# MAC gift bags on MTV's Total Request Live



## clamster (Feb 5, 2008)

Today Fergie a.k.a. Stacy Ferguson, new spokesperson for Viva Glam was a guest on TRL (Total Request Live), they show featured a MAC cosmetics makeover for a Fergie fan turning her "Fergalicious". Fergie spoke about the Viva glam compaign and gave Lindsey the VJ a VGVI lipglass! Of course as we all know, 100% of the proceeds from the Viva Glam collection go to help AIDS.
The Duchess stated she was a fan of the MAC *pro lash *mascara, I believe. 
At the end of the show The whole audience was given MAC cosmetic kits!!!
	

	
	
		
		

		
			




Anyone know what was inside?!
It appeared they got LE MAC bags. I am so jealous! Some of the guys in the crowd looked completely lost and had no idea what they got LOL. Also the makeover turned out really nice. Apparently MAC is the makeup behind TRL, and the makeup always looks great.
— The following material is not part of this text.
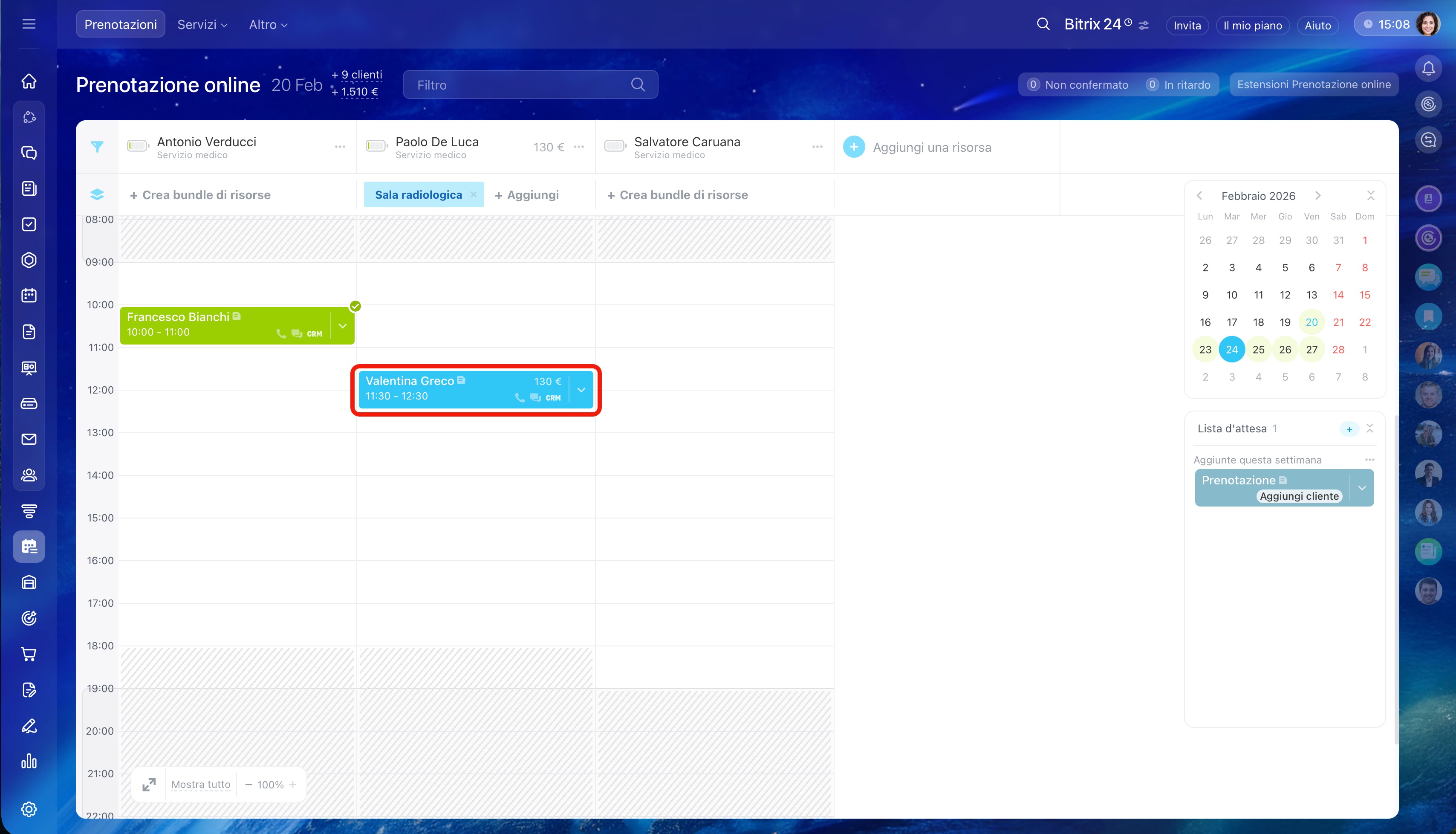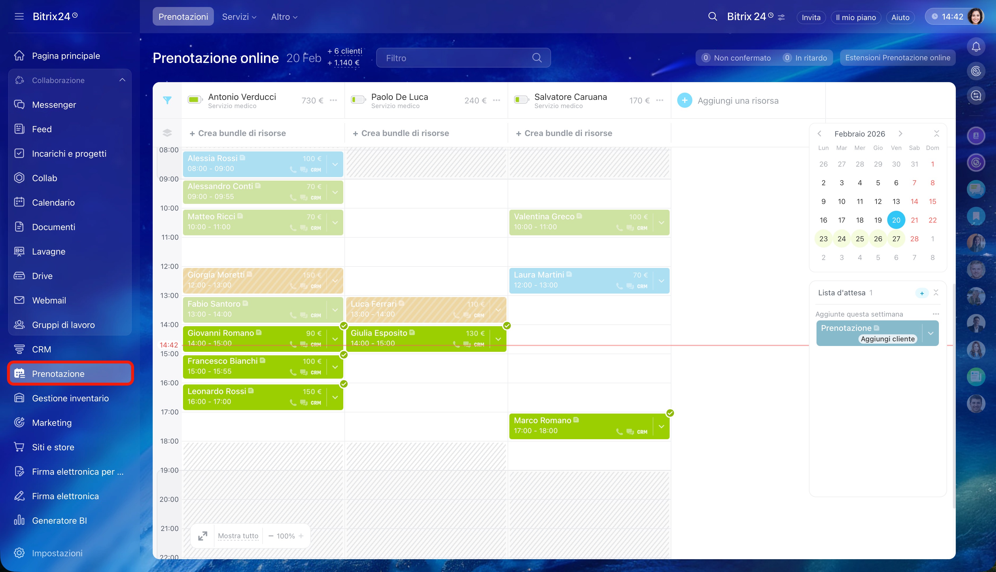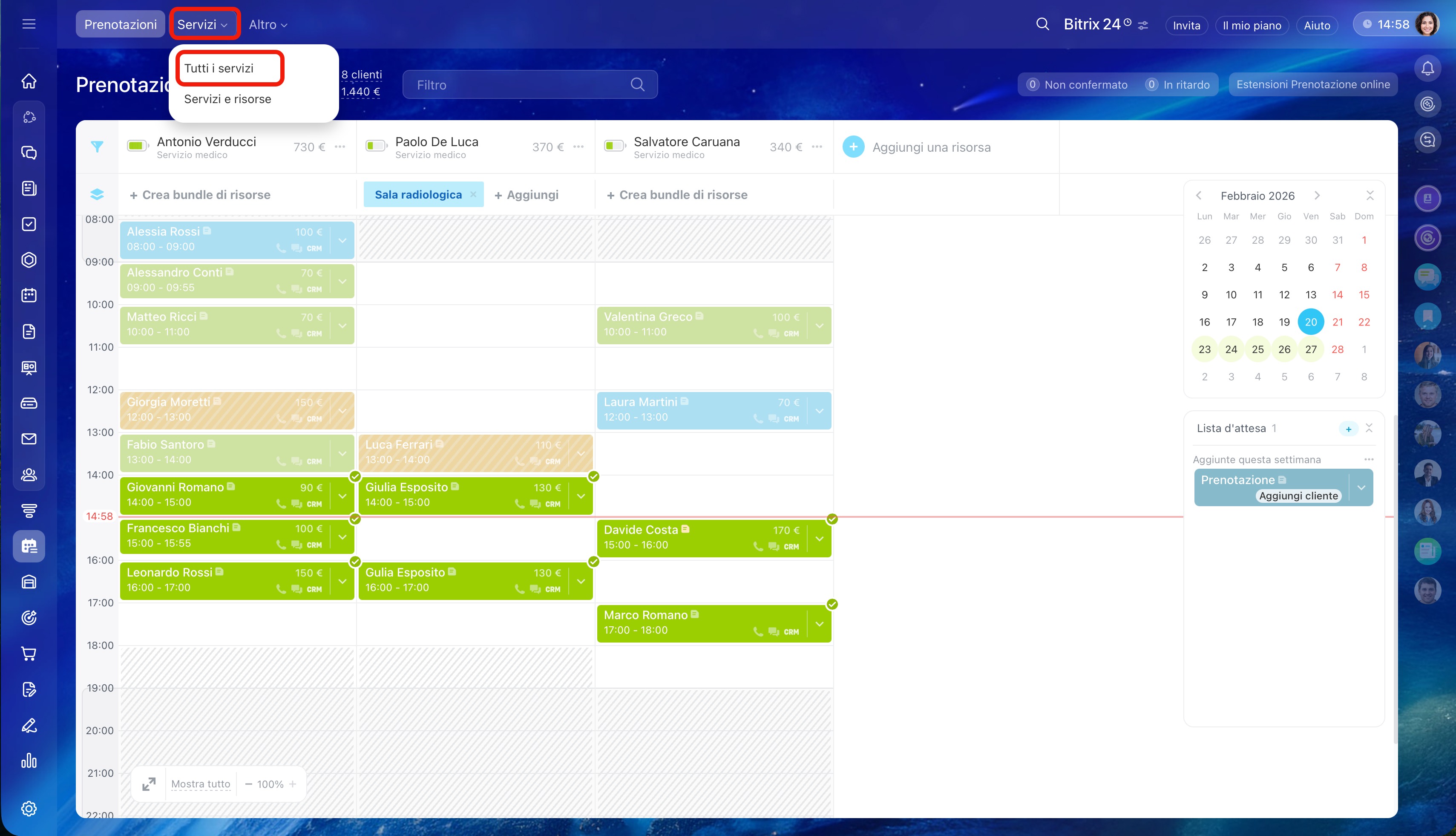 - Tutti i dipendenti possono prenotare un appuntamento con i clienti. Per farlo, vai alla sezione Prenotazione.

I wish I was there to get free MAC!


----------



## aziajs (Feb 6, 2008)

I am curious too.


----------



## CantAffordMAC (Feb 6, 2008)

Bitches!

I wish the guys joined specktra to sell those bags. Or ebay...


----------



## clamster (Feb 7, 2008)

Quote:

   Originally Posted by *CantAffordMAC* 

 
_Bitches!

I wish the guys joined specktra to sell those bags. Or ebay...




_

 
HAHAHA I really hope a specktra member was in the crowd!


----------



## Weasel (Feb 9, 2008)

cool!

though I don't like fergie haha


why does she call herself the duchess? Over here duchesses are seen as being fat frumpy old women


----------



## aziajs (Feb 9, 2008)

Quote:

   Originally Posted by *Weasel* 

 
_cool!

though I don't like fergie haha


why does she call herself the duchess? Over here duchesses are seen as being fat frumpy old women_

 
It's a play on words.  Since her stage name is Fergie like the Duchess of York she calls herself the "Dutchess".


----------